Every CJ parking spot has an oil stain. We call it "marking territory."

Maintenance Schedule (That You'll Ignore)

  • Oil & filter: Every 3,000 miles. You'll do it every 5,000 and feel guilty.
  • Valve adjustment: Every 15,000 miles on solid lifter engines. You've never done this.
  • Coolant flush: Every 2 years. Your coolant is currently brown.
  • Distributor cap & rotor: Every 15,000 miles. You'll replace it after a no-start at the worst possible time.
  • Spark plugs: Every 12,000 miles. Champion RJ12YC. You have a set in your garage but you can't find them.
  • Timing check: Every tune-up. 8° BTDC. You'll set it by ear and call it close enough.
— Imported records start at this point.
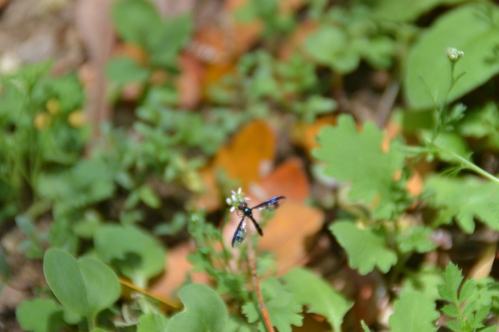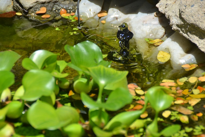 Solar powered “fountain” pump provides some water circulation in the pond – home to guppies, snails (no idea how they got here), and dragonfly larvae.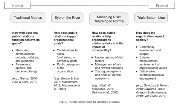 In a recently published study, University of Missouri scholar Luke Capizzo explores this rather complex question through interviews with PR practitioners. His insights on the measurement and evaluation of wicked VUCA problems in PR are worth considering as “the growing frequency of intractable problems and contentious issues … requires a broadening of our perspectives” (Capizzo, 2022, p. 4).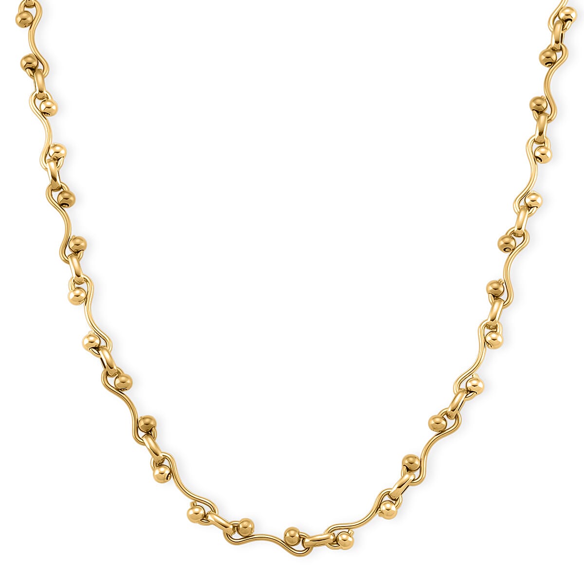 ION Plated YG Stainless Steel Modern Wave Link Necklace 20-22 Inches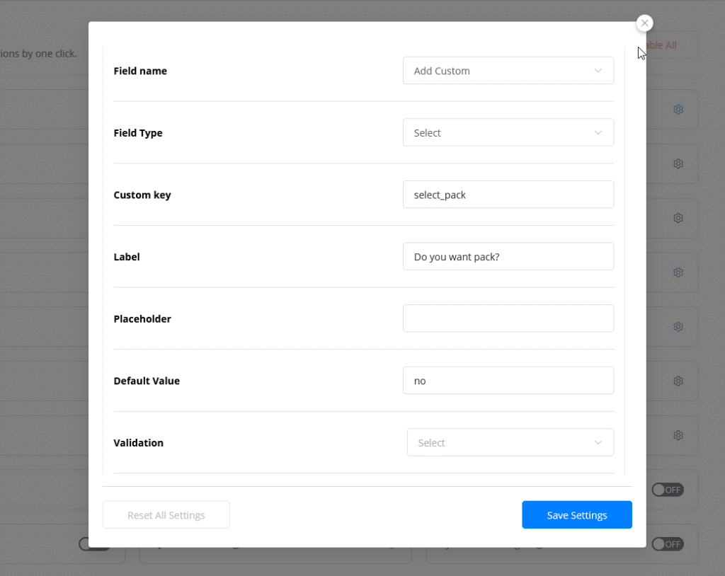 - Custom Key: Give a custom key. Make sure there is no gap between the words and that no special characters are used. Also, make sure that each field you create has a distinct name.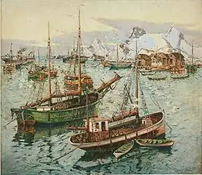 His father, Albert Esaias Lindström, was a composer and organist.[1] After receiving some free lessons from Caleb Althin, he began his formal studies in 1901, at the Royal Swedish Academy of Fine Arts. From 1902 to 1905, he studied with Kristian Zahrtmann in Copenhagen.[2] He also took several study trips to Paris. Since he was a boy, he had been interested in nautical subjects, and even served some time as a "Royal Mail Sailor".[1] As an adult, he roamed along the Scandinavian coast and seascapes came to dominate his output. He was especially fond of Åland and Lofoten, and often depicted sailing ships.[3]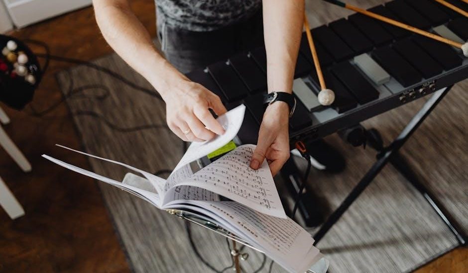 The PDF may include “call and response” exercises, where students improvise short phrases in response to a given musical cue. Pentatonic scales are often presented as a starting point for improvisation, providing a framework for creating melodic ideas. Though not a comprehensive improvisation curriculum, Essential Elements lays a groundwork for further exploration, sparking interest in spontaneous musical expression.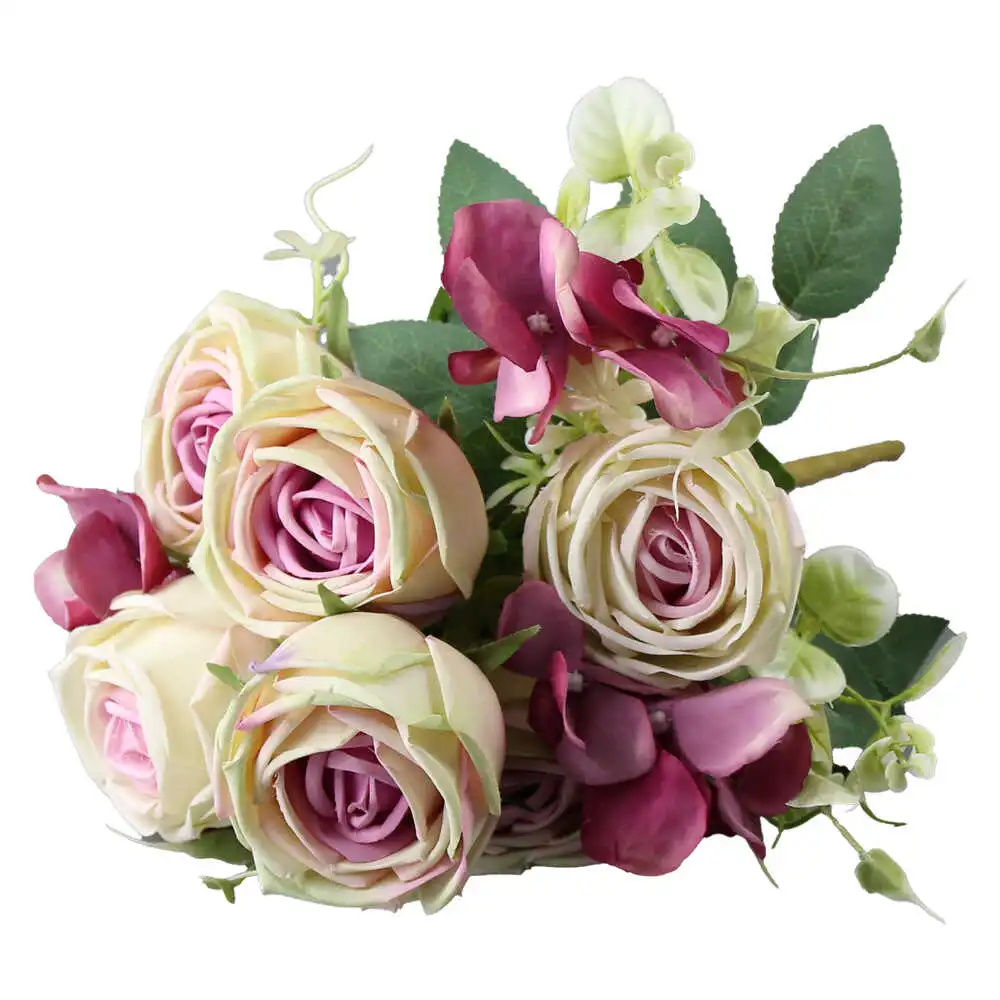 Buchet artificial cu trandafiri, 42 cm, culori variate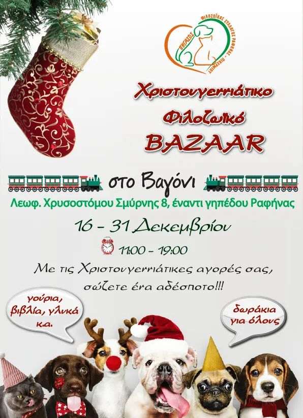 Οι εθελοντές του φιλοζωικού συλλόγου Πήγασος Φιλοζωική Ραφήνας Πικερμίου σας προσκαλούν στο ετήσιο χριστουγεννιάτικο παζάρι τους που θα πραγματοποιηθεί από τις 16 μέχρι τις 31 Δεκεμβρίου, από τις 11 το πρωί μέχρι τις 7 το απόγευμα, στο Βαγόνι, Λεωφ. Χρυσοστόμου Σμύρνης 8, έναντι γηπέδου Ραφήνας.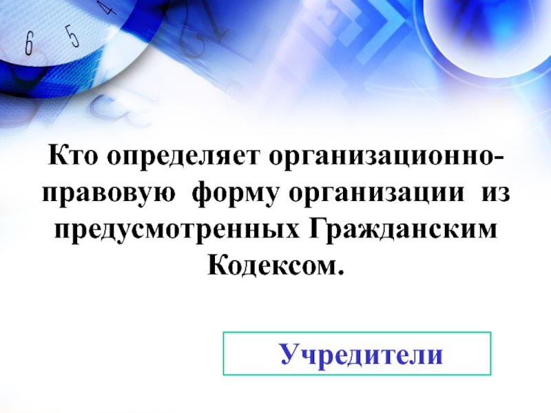 Учредители Кто определяет организационно-правовую форму организации из предусмотренных Гражданским Кодексом.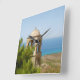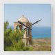 Detalle del campanario con pinos y vistas al mar en una isla mediterránea
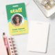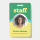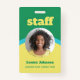 Crachá de ID vertical unilateral para o seu funcionarios em um design retroativo em verde, amarelo e azul. Personalize com a foto, o nome e o título de seu funcionário, abaixo do funcionarios, em uma fonte amarela arrojada e atraente. O crachá é simples e fácil de ler, impresso sem logotipo, em negrito e cores felizes.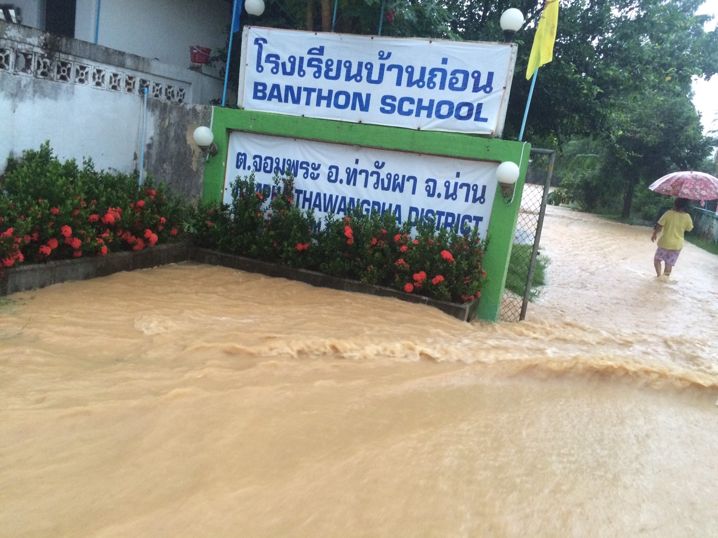 สถานการณ์ฝนตกหนักในพื้นที่จังหวัดน่าน รอบ 24 ชั่วโมง วัดปริมาณฝนได้เกิน 100 มิลลิเมตร ส่งผลให้แม่น้ำน่านและแม่น้ำสาขามีปริมาณน้ำเพิ่มสูง บางช่วงเอ่อท่วมชุมชนแล้ว คือ บ้านผาตูบ ต.ผาสิงห์ อ.เมือง ส่วน อ.ท่าวังผา น้ำท่วมหลายหมู่บ้าน ได้แก่ บ้านฝายมูล ดอนชัย ต้นฮ่าง ต.ป่าคา และบ้านถ่อน หมู่ 9 ต.จอมพระ ทางโรงเรียนบ้านถ่อนและโรงเรียนท่าวังผาพิทยาคมได้ประกาศปิดการเรียนการสอนชั่วคราว นอกจากนี้ ที่ อ.ปัว น้ำท่วมถนนหมู่บ้านขอน ต.ปัว รถทุกชนิดผ่านไม่ได้ ขณะที่ลำน้ำว้าระดับน้ำขึ้นสูงอย่างรวดเร็ว คาดว่าจะเอ่อท่วมบ้านเรือนอีกหลายหมู่บ้าน พร้อมกันนี้ทหาร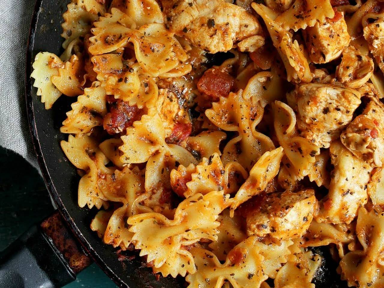 This is going to be your new if this were my recipe, i'd call it spicy chicken farfalle.
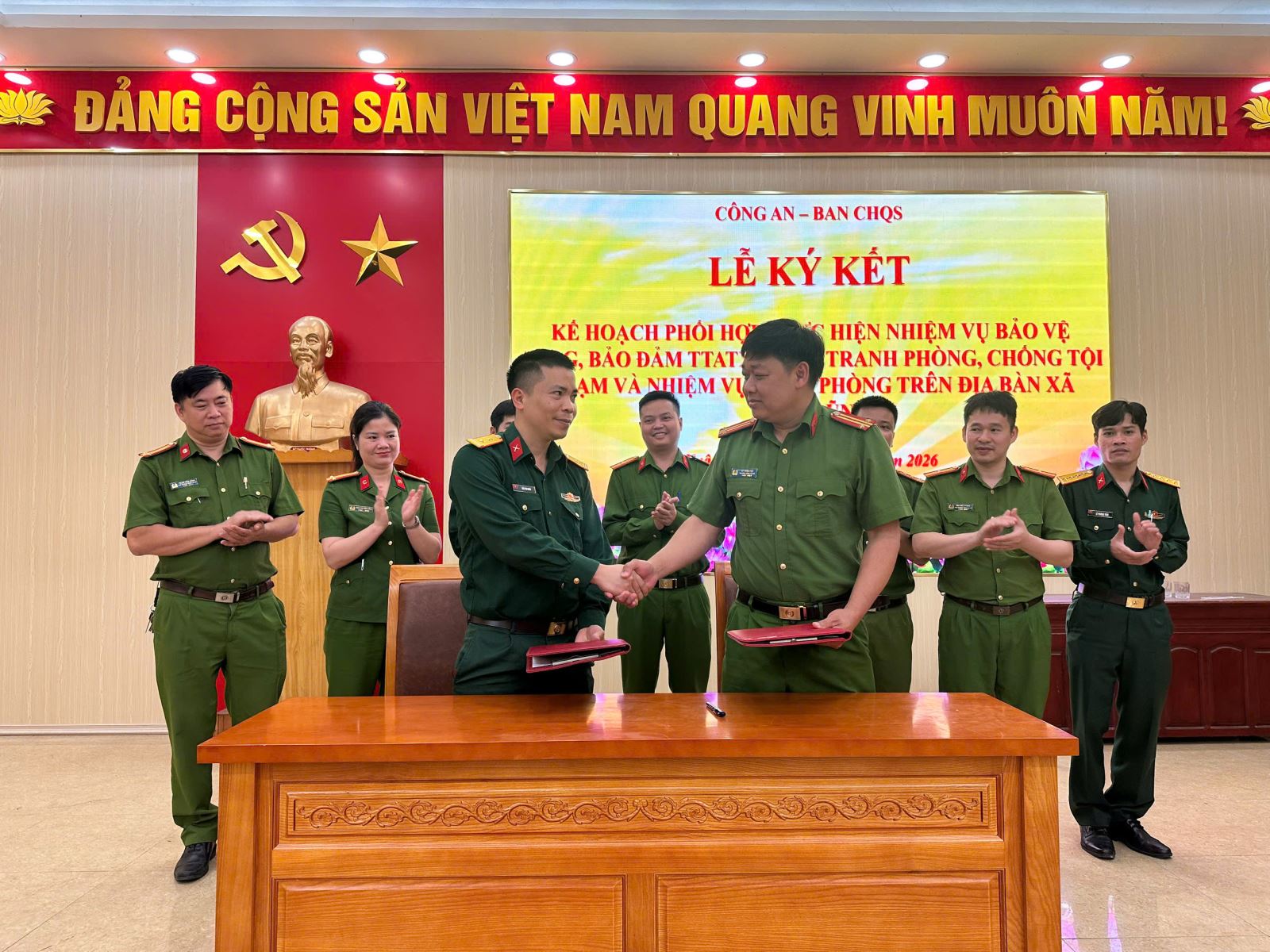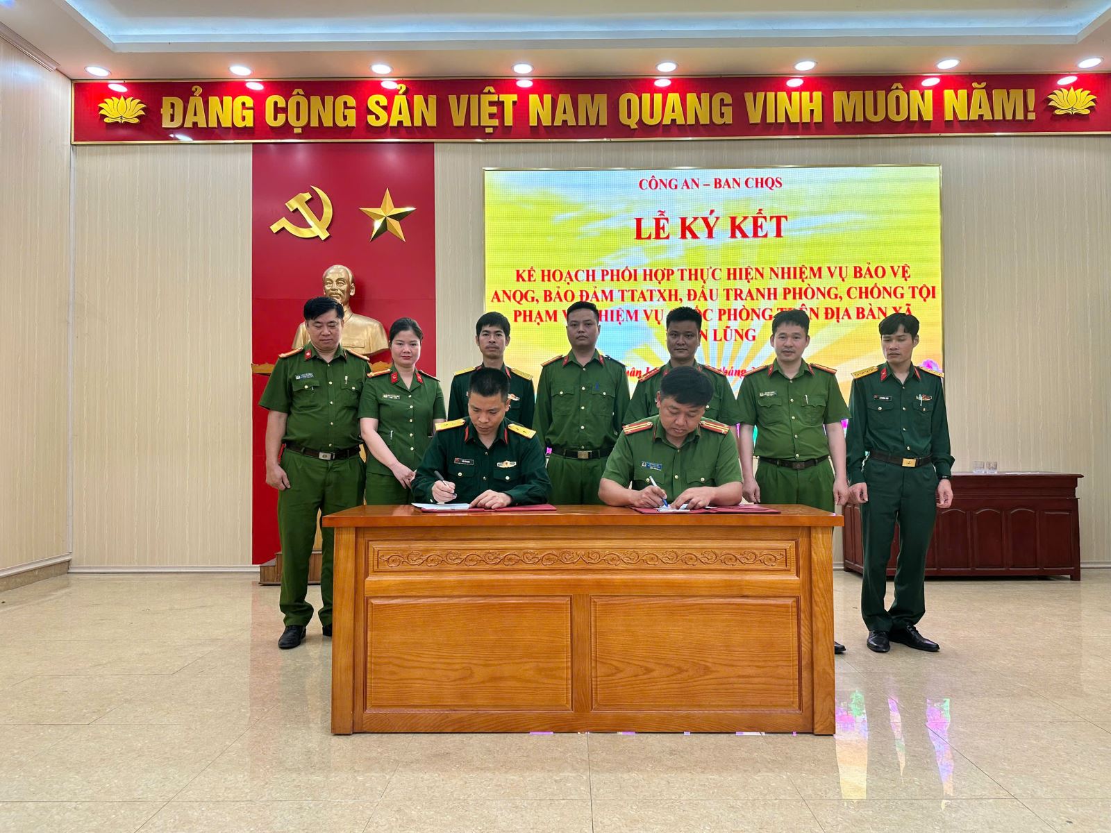 Thực hiện quy định về phối hợp giữa lực lượng Công an và Quân đội trong bảo vệ an ninh quốc gia, ngày 26/3/2026, Công an xã Xuân Lũng phối hợp Ban Chỉ huy Quân sự xã tổ chức hội nghị ký kết phối hợp thực hiện nhiệm vụ bảo đảm an ninh quốc gia, trật tự, an toàn xã hội, đấu tranh phòng, chống tội phạm và nhiệm vụ quốc phòng trên địa bàn.

Performance Upgrades (How to Spend Your Kid's College Fund)

If you want more power without swapping engines, here's the damage:

  1. Weber 32/36 carburetor — $400. You already know about this one.
  2. Clifford header + 2.5" exhaust — $350-500. Now it sounds like a slightly angrier lawnmower.
  3. Mild cam upgrade — $200 + machine shop time. Tell your wife it's "just a small engine part."
  4. Electronic ignition — $80 for Pertronix. Actually a great value. Naturally, this will be the last thing you buy.
  5. Ported head — $300-500 at a machine shop. You're in too deep now.

Total: $1,300-1,800. Net horsepower gain: maybe 30-40. Cost per horsepower: don't do that math.

With all of the above you can realistically see 140-150 hp and 230+ lb-ft of torque. You'll tell people it has "around 160" because you rounded up. Twice.

The Bottom Line

The 258 isn't fast. It isn't pretty. It leaks, it ticks, and it sounds like a tractor. But it's incredibly tough, stupidly simple to work on, and will outlast everything else on the vehicle including your patience and your bank account. There's a reason these engines go 200,000+ miles. Keep oil in it (both the oil that's supposed to be there and the oil you keep adding to replace what's on your driveway) and it'll outlive us all.